Crude oil passes $54 as demand forecast rises
Tuesday, Oct. 12, 2004 | 9:16 a.m.
Crude oil rose to a record for a sixth session, reaching $54.45 a barrel today in New York, after the International Energy Agency said that demand is increasing faster than predicted this year.
Global consumption will jump 3.4 percent to 82.4 million barrels, the adviser to 26 industrialized nations said in a monthly report. The forecast was up 190,000 barrels a day from last month. The Paris-based agency has boosted its demand forecast in all but one month since November 2003. Demand growth will slow next year because of rising prices, the IEA said.
"We're seeing demand increase in all the major economies," said Jason Schenker, an economist at Wachovia Corp. in Charlotte, N.C. "Broad-based economic growth will keep prices rising and we could easily see $60 oil by next summer."
Crude oil for November delivery was up 36 cents, or 0.7 percent, at $54 a barrel at 10:01 a.m. on the New York Mercantile Exchange. Prices reached $54.45, the highest since futures began trading in 1983. Oil futures were up 69 percent from a year earlier.

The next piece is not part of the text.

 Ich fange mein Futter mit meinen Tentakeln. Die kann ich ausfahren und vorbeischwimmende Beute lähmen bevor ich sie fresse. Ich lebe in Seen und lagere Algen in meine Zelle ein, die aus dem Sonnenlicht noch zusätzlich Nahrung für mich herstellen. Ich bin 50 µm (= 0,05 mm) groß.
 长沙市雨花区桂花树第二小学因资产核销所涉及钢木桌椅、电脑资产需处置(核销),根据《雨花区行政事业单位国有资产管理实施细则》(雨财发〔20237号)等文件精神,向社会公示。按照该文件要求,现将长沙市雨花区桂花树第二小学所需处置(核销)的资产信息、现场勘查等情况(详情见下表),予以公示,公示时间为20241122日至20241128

Prices have risen in 17 of the last 19 sessions.
Oil in New York is up 26 percent since Sept. 8, when Hurricane Ivan began to threaten output at platforms in the Gulf of Mexico. The unexpected duration of the shutdowns reduced U.S. pumping in the region by at least a quarter for a month and imports have slowed.

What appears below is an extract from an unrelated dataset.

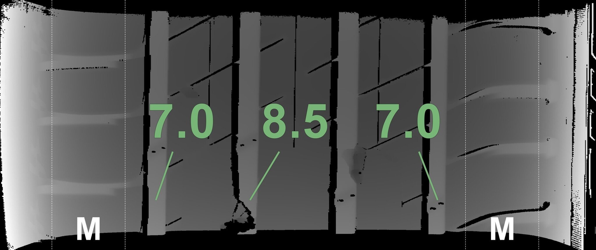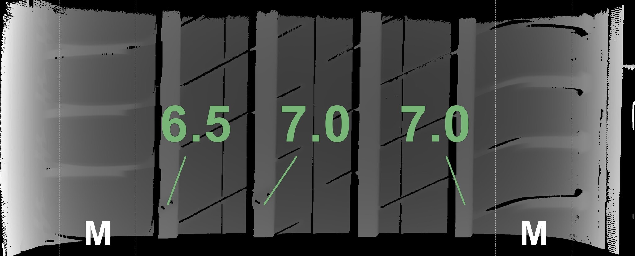 De gemeten profieldieptes en de details van de velgen zijn hierboven weergegeven.

Another storm shut the Louisiana Offshore Oil Port, which handles about 1 million barrels a day, on Oct. 8. While unloading resumed two days ago, the biggest tankers can't discharge until a booster station is repaired, said Mark Bugg, scheduling manager at New Orleans-based Loop LLC, the port operator. The station increases the unloading rate from large tankers.
"Unfortunately, we're not going to be able to run the booster in two to three days like we earlier thought," Bugg said. "It's looking like it will take four to five days."
A general strike in Nigeria, Africa's top oil producer, entered a second day. While some oil workers have joined the strike, their unions say they won't target oil output.
Nigeria, the fifth-biggest supplier of crude to the United States, produced 2.42 million barrels of oil a day last month, according to Bloomberg data. The country's Bonny Light grade is the type of low-sulfur crude oil preferred by U.S. refiners.
"The market is in a state of high anxiety because of the plethora of small supply disruptions," said Jim Steel, director of commodity research at Refco Inc. in New York. The rise in prices "will continue until we get some of these resolved."